● **Aim of the task**
Please retype all of the entries that follow, leaving the images out.

[Start of Attachment]

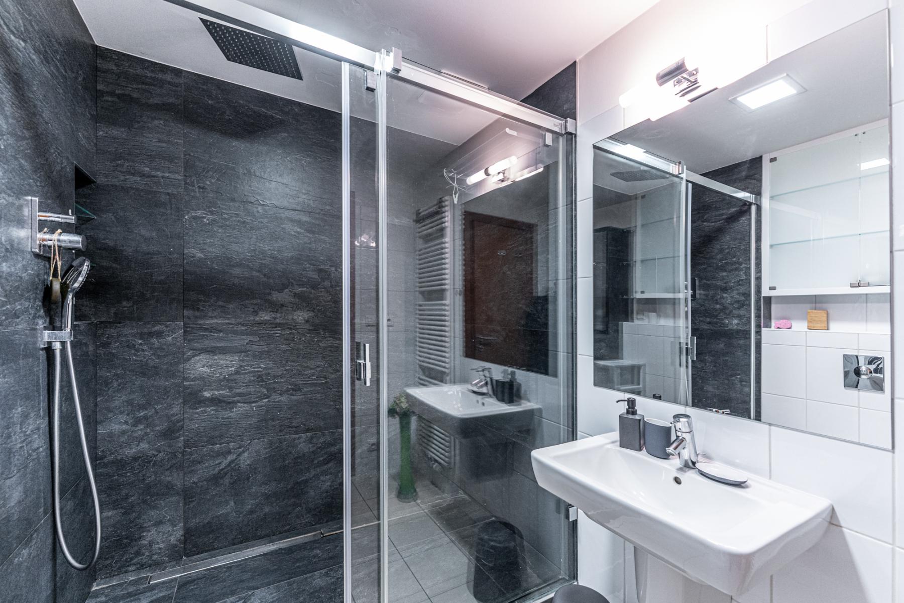 K jednotce, která se prodává jak tzv. stojí a leží tedy včetně vybavenáí moderním nábytkem (skutečnost lehce rozdílná než na fotografiích) a spotřebiči, náleží rovněž sklep o velikosti 4,6 m2 a garážové parkovací stání v suterénu budovy. Obyvatelům domu je k dispozici také kolárna.
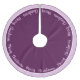Holiday tree skirt is shown in a warm orchid and purple colour with purple text of Merry Christmas written in script all the way around the tree skirt with a solid colour border.
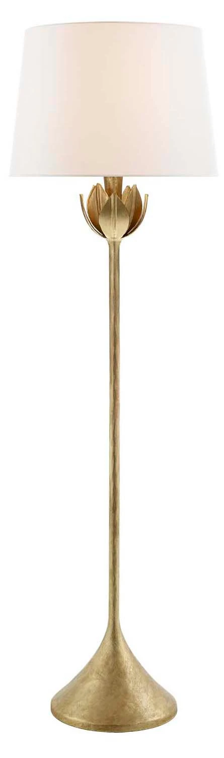 Designed by Julie Neill for Visual Comfort: A subtle way to incorporate botanical elements into your decor, this floor lamp is crafted of steel and thoughtfully designed with petal-like detailing and an antiqued gold-leaf finish. An off-white linen shade completes the design.
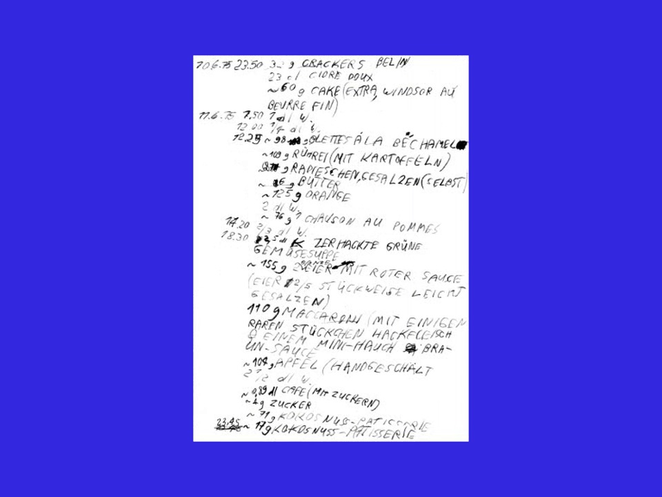 - Genres:Langzeitperformance;Genres:Lecture Performance;Bezüge:Alltag;Bezüge:Food Art;Themen:Kontrolle;Qualitäten:grotesk;Qualitäten:konzeptuell;Qualitäten:obsessiv;Mittel:Körper als Material
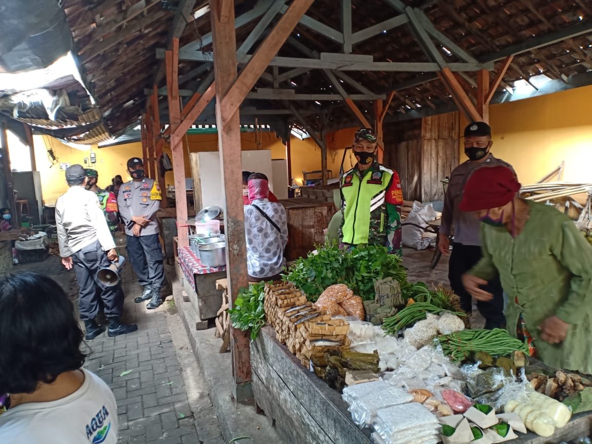 Anggota gabungan yang dipimpin oleh Wakapolsek Blora Iptu Ashari Yuwono melaksanakan patroli bersama, dengan sasaran pusat keramaian masyarakat, salah satunya adalah pasar tradisional dikawasan Jalan Rajawali Blora. Dengan menggunakan mega phone petugas gabungan tersebut blusukan pasar sembari menyerukan imbauan kamtibmas dan protokol kesehatan.
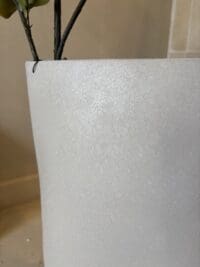 De combinatie van metaal en een zachte ivoor tint maakt deze platte vaas bijzonder veelzijdig. De lichte kleur reflecteert het daglicht mooi en draagt bij aan een frisse, serene sfeer in huis. De matte, ruwe afwerking geeft de vaas een ambachtelijke uitstraling en voorkomt dat het geheel te strak of kil wordt. Hierdoor past de vaas perfect binnen zowel moderne als natuurlijke interieurstijlen.
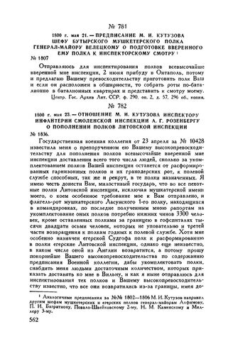 1800 г. мая 21. — Предписание М.И. Кутузова шефу Бутырского мушкетерского полка генерал-майору Белецкому о подготовке вверенного ему полка к инспекторскому смотру // Центр. Гос. Архив Лит. ССР, ф. 290, оп. 2, д. 57, 296 об., копия.
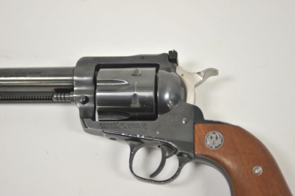 Ruger Blackhawk .357 Mag caliber single action pistol with a 5” barrel, S/N 37-15032. Very good used condition. Has transfer bar. Some edge wear to finish. (Exempt/No PPT) Est.: $250-$500
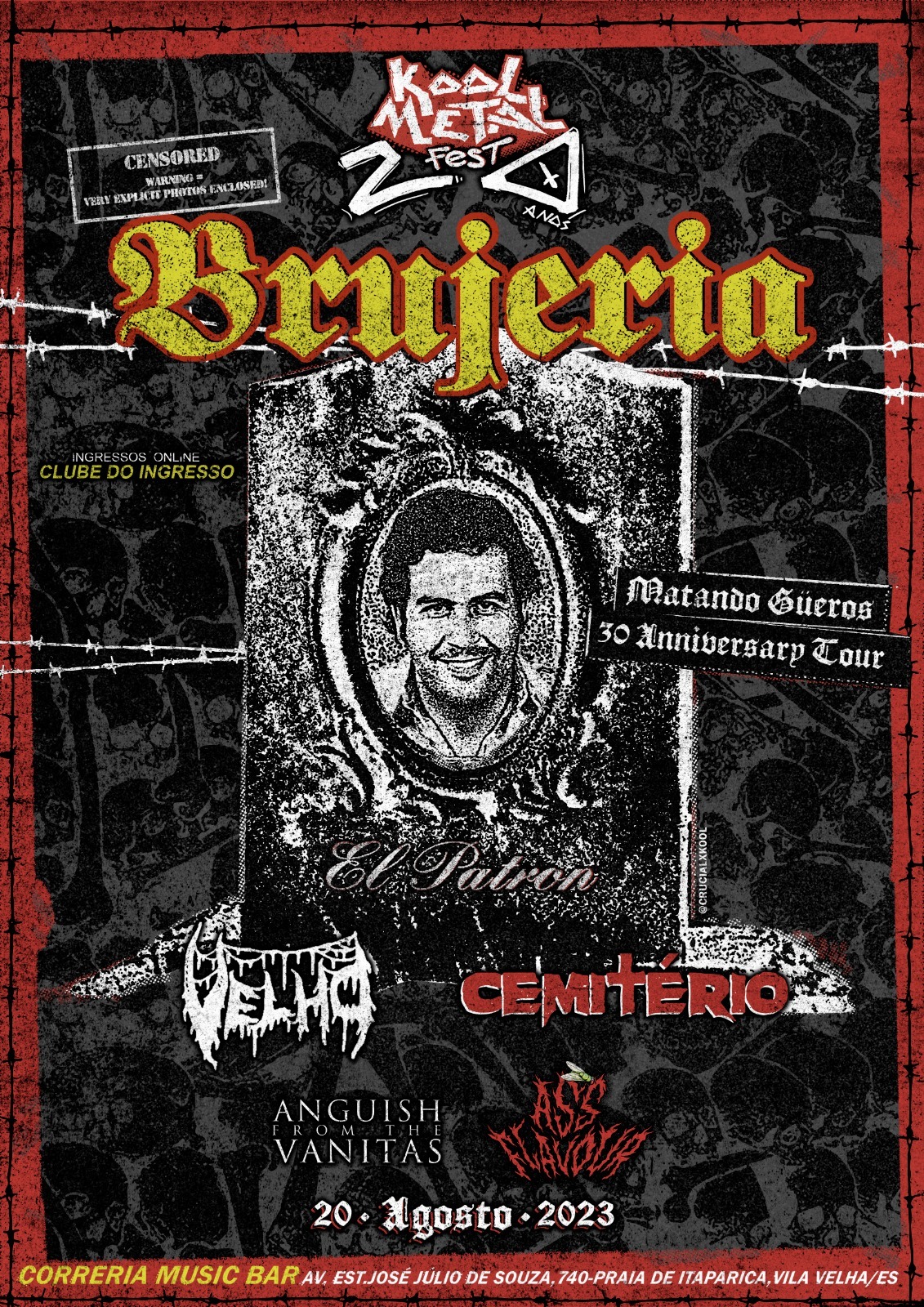 Ingressos já à venda: https://www.clubedoingresso.com/evento/brujeria-vilavelha.
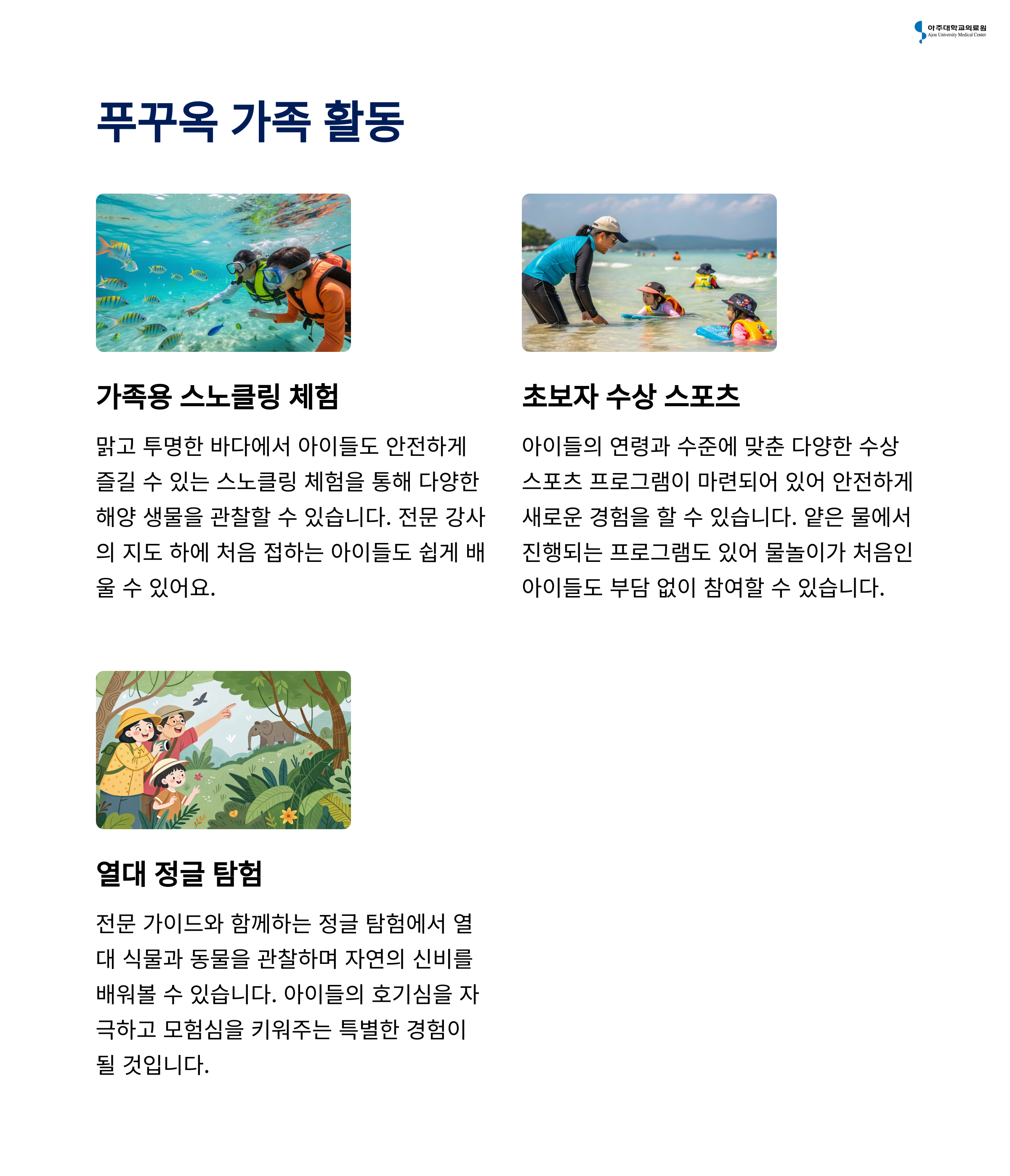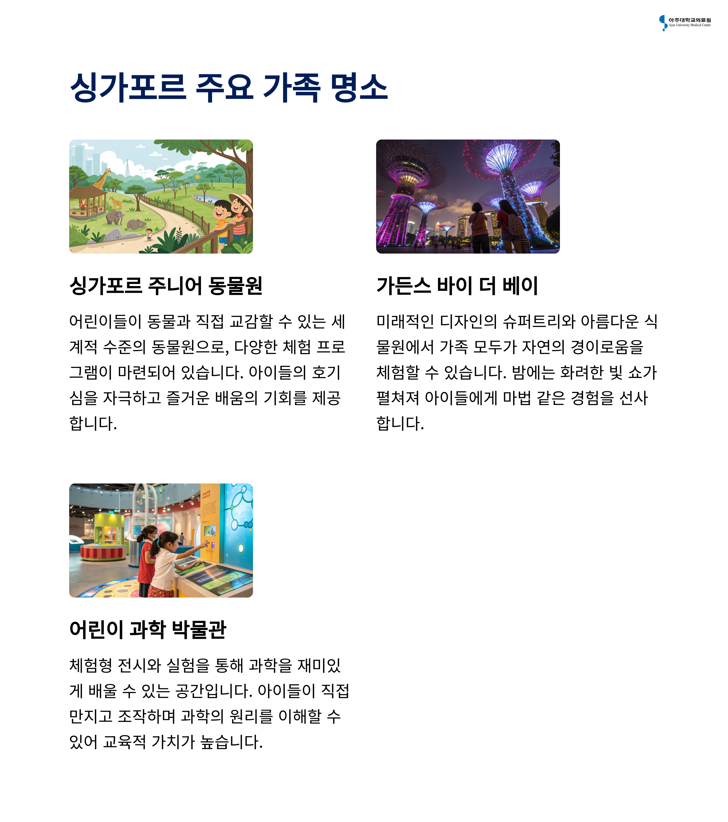 | 깨끗한 환경, 유모차 이동 용이, 대중교통 발달 | 저렴한 물가, 가족 맞춤 액티비티 풍부 | 짧은 비행, 휴양+체험 결합, 키즈풀 리조트 다수 |
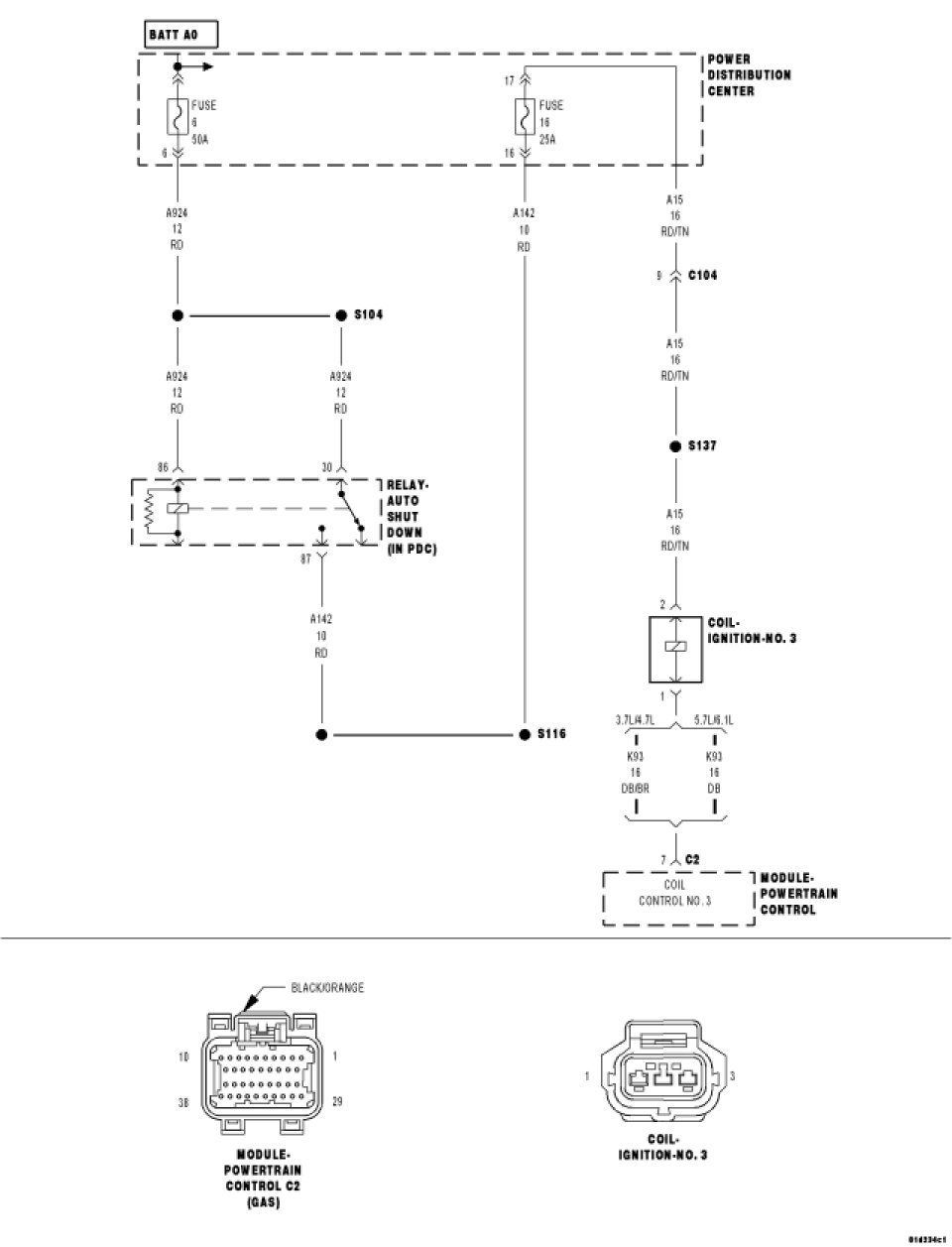 - Repair the open or short to ground in the (A15) ASD Relay Output circuit between the IPM and Coil harness connector.
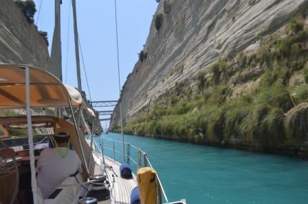 Passing through the Corinth canal on our own boat was a real privilege and special experience which we enjoyed enormously. Not only could we admire the engineering achievement of forming this 4km long, 25m wide channel through limestone towering nearly 80m above us, but we were also changing seas from the Ionian to the Aegean, which was quite a watershed moment. At the far end of the Canal we had to tie up and pay the transit fee. The Corinth canal is officially the most expensive waterway in the world.
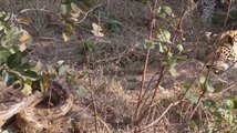 Un léopard affronte un python impressionnant sous les yeux de ses petits
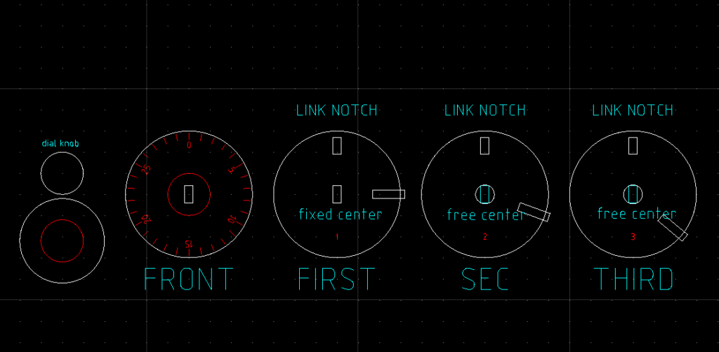Also habe ich mit der Konstruktion begonnen, und mir die Sichtscheibe, die drei Scheiben dahinter, und eine verbindene Achse überlegt. Sichtscheibe und Scheibe 1 sollen fest auf der Achse sitzen, die Scheibe 2 und Scheibe 3 hingegen sollen frei drehen können. Deutlich zu erkennen auch schon die Löcher für die Mitnehmer von Scheibe 1 auf 2, und von 2 auf 3. Und auch die Aussparungen sind bereits (an willkürlicher Stelle) vorhanden.

[End of Attachment]

● **Output of the task**
 K jednotce, která se prodává jak tzv. stojí a leží tedy včetně vybavenáí moderním nábytkem (skutečnost lehce rozdílná než na fotografiích) a spotřebiči, náleží rovněž sklep o velikosti 4,6 m2 a garážové parkovací stání v suterénu budovy. Obyvatelům domu je k dispozici také kolárna.
Holiday tree skirt is shown in a warm orchid and purple colour with purple text of Merry Christmas written in script all the way around the tree skirt with a solid colour border.
 Designed by Julie Neill for Visual Comfort: A subtle way to incorporate botanical elements into your decor, this floor lamp is crafted of steel and thoughtfully designed with petal-like detailing and an antiqued gold-leaf finish. An off-white linen shade completes the design.
 - Genres:Langzeitperformance;Genres:Lecture Performance;Bezüge:Alltag;Bezüge:Food Art;Themen:Kontrolle;Qualitäten:grotesk;Qualitäten:konzeptuell;Qualitäten:obsessiv;Mittel:Körper als Material
 Anggota gabungan yang dipimpin oleh Wakapolsek Blora Iptu Ashari Yuwono melaksanakan patroli bersama, dengan sasaran pusat keramaian masyarakat, salah satunya adalah pasar tradisional dikawasan Jalan Rajawali Blora. Dengan menggunakan mega phone petugas gabungan tersebut blusukan pasar sembari menyerukan imbauan kamtibmas dan protokol kesehatan.
 De combinatie van metaal en een zachte ivoor tint maakt deze platte vaas bijzonder veelzijdig. De lichte kleur reflecteert het daglicht mooi en draagt bij aan een frisse, serene sfeer in huis. De matte, ruwe afwerking geeft de vaas een ambachtelijke uitstraling en voorkomt dat het geheel te strak of kil wordt. Hierdoor past de vaas perfect binnen zowel moderne als natuurlijke interieurstijlen.
 1800 г. мая 21. — Предписание М.И. Кутузова шефу Бутырского мушкетерского полка генерал-майору Белецкому о подготовке вверенного ему полка к инспекторскому смотру // Центр. Гос. Архив Лит. ССР, ф. 290, оп. 2, д. 57, 296 об., копия.
 Ruger Blackhawk .357 Mag caliber single action pistol with a 5” barrel, S/N 37-15032. Very good used condition. Has transfer bar. Some edge wear to finish. (Exempt/No PPT) Est.: $250-$500
 Ingressos já à venda: https://www.clubedoingresso.com/evento/brujeria-vilavelha.
 | 깨끗한 환경, 유모차 이동 용이, 대중교통 발달 | 저렴한 물가, 가족 맞춤 액티비티 풍부 | 짧은 비행, 휴양+체험 결합, 키즈풀 리조트 다수 |
 - Repair the open or short to ground in the (A15) ASD Relay Output circuit between the IPM and Coil harness connector.
 Passing through the Corinth canal on our own boat was a real privilege and special experience which we enjoyed enormously. Not only could we admire the engineering achievement of forming this 4km long, 25m wide channel through limestone towering nearly 80m above us, but we were also changing seas from the Ionian to the Aegean, which was quite a watershed moment. At the far end of the Canal we had to tie up and pay the transit fee. The Corinth canal is officially the most expensive waterway in the world.
 Un léopard affronte un python impressionnant sous les yeux de ses petits
Also habe ich mit der Konstruktion begonnen, und mir die Sichtscheibe, die drei Scheiben dahinter, und eine verbindene Achse überlegt. Sichtscheibe und Scheibe 1 sollen fest auf der Achse sitzen, die Scheibe 2 und Scheibe 3 hingegen sollen frei drehen können. Deutlich zu erkennen auch schon die Löcher für die Mitnehmer von Scheibe 1 auf 2, und von 2 auf 3. Und auch die Aussparungen sind bereits (an willkürlicher Stelle) vorhanden.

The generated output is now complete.